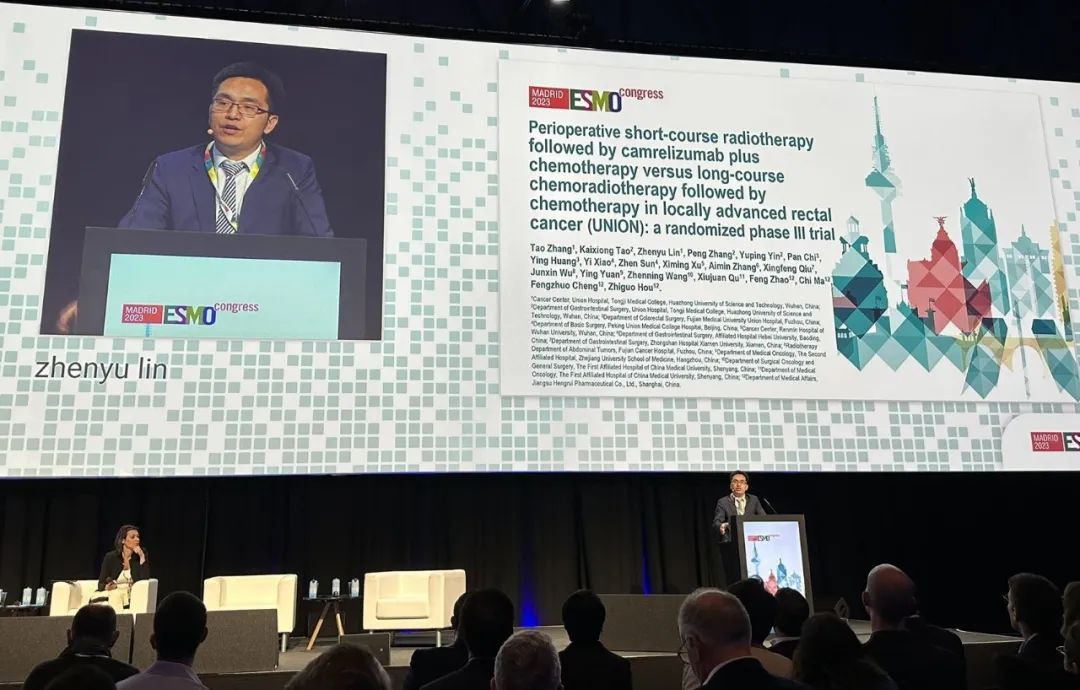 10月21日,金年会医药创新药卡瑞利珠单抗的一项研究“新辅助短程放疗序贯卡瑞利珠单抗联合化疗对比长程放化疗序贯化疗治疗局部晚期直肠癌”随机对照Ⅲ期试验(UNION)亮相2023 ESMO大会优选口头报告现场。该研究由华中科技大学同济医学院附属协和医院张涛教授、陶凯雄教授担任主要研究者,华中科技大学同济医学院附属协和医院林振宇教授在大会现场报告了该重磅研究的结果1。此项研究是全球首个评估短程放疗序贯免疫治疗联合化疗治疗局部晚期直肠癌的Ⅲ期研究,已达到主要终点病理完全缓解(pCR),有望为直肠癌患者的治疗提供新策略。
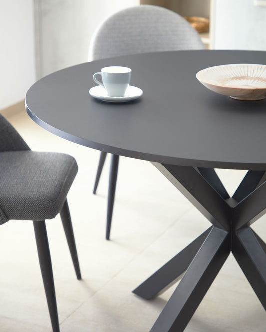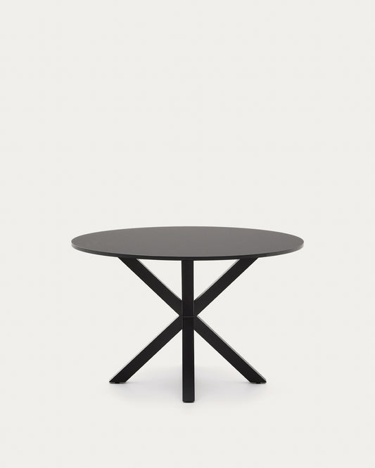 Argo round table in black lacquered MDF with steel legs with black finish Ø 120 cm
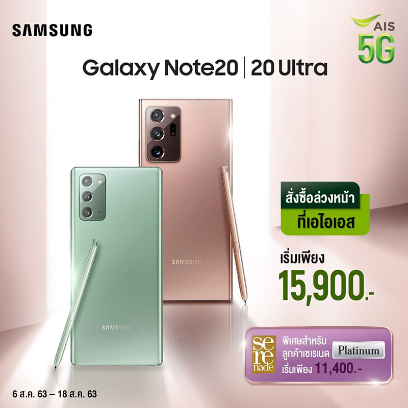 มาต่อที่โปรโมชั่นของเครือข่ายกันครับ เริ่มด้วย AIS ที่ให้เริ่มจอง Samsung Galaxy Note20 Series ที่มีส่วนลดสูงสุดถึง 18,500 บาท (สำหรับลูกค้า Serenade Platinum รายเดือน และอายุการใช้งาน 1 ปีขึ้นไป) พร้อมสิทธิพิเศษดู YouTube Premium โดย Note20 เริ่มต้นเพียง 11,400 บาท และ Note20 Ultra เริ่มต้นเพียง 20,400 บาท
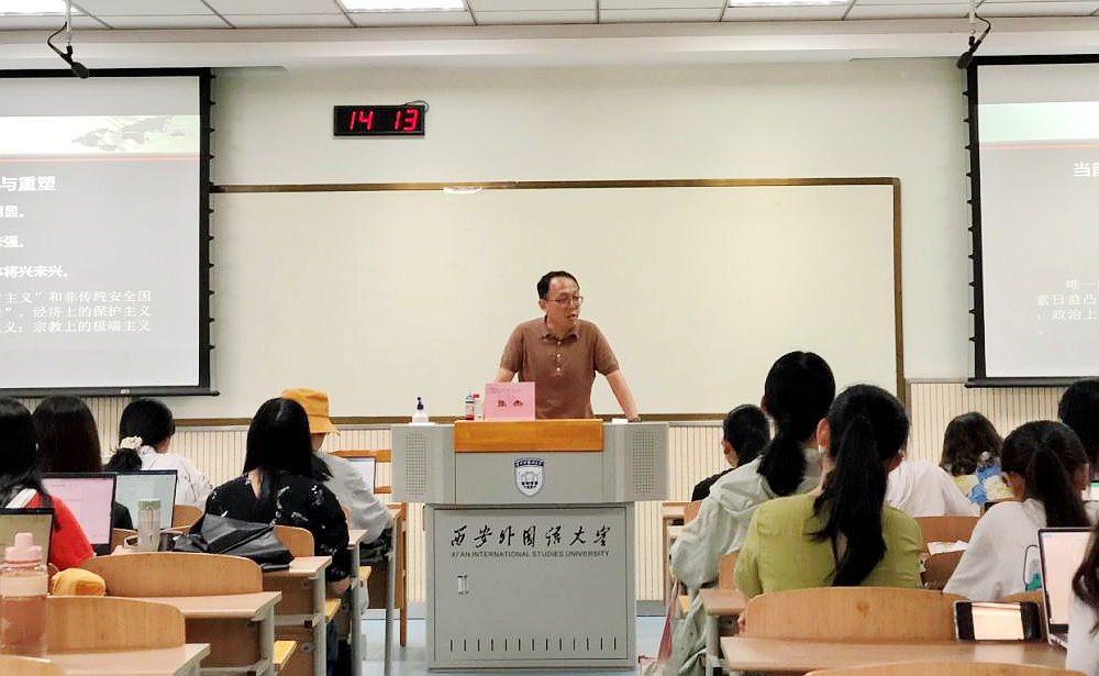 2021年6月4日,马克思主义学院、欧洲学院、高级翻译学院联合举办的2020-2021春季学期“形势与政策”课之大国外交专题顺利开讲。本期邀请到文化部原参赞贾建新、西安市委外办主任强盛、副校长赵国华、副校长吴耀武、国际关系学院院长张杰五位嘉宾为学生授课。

--

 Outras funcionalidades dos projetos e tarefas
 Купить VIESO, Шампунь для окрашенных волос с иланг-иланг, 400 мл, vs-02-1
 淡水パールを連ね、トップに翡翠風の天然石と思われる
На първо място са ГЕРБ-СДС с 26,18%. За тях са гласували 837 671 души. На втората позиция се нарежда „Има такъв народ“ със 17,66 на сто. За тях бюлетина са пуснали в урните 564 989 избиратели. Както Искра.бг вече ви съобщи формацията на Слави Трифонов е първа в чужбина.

--

> What to produce
Print the part of the listing above that opens with the line containing "10月21日,金年会医药创新" and closes with the line containing "2021年6月4日,马克思主". Copy it exactly, both ends included, and omit the pictures.

> Task answer
 10月21日,金年会医药创新药卡瑞利珠单抗的一项研究“新辅助短程放疗序贯卡瑞利珠单抗联合化疗对比长程放化疗序贯化疗治疗局部晚期直肠癌”随机对照Ⅲ期试验(UNION)亮相2023 ESMO大会优选口头报告现场。该研究由华中科技大学同济医学院附属协和医院张涛教授、陶凯雄教授担任主要研究者,华中科技大学同济医学院附属协和医院林振宇教授在大会现场报告了该重磅研究的结果1。此项研究是全球首个评估短程放疗序贯免疫治疗联合化疗治疗局部晚期直肠癌的Ⅲ期研究,已达到主要终点病理完全缓解(pCR),有望为直肠癌患者的治疗提供新策略。
 Argo round table in black lacquered MDF with steel legs with black finish Ø 120 cm
 มาต่อที่โปรโมชั่นของเครือข่ายกันครับ เริ่มด้วย AIS ที่ให้เริ่มจอง Samsung Galaxy Note20 Series ที่มีส่วนลดสูงสุดถึง 18,500 บาท (สำหรับลูกค้า Serenade Platinum รายเดือน และอายุการใช้งาน 1 ปีขึ้นไป) พร้อมสิทธิพิเศษดู YouTube Premium โดย Note20 เริ่มต้นเพียง 11,400 บาท และ Note20 Ultra เริ่มต้นเพียง 20,400 บาท
 2021年6月4日,马克思主义学院、欧洲学院、高级翻译学院联合举办的2020-2021春季学期“形势与政策”课之大国外交专题顺利开讲。本期邀请到文化部原参赞贾建新、西安市委外办主任强盛、副校长赵国华、副校长吴耀武、国际关系学院院长张杰五位嘉宾为学生授课。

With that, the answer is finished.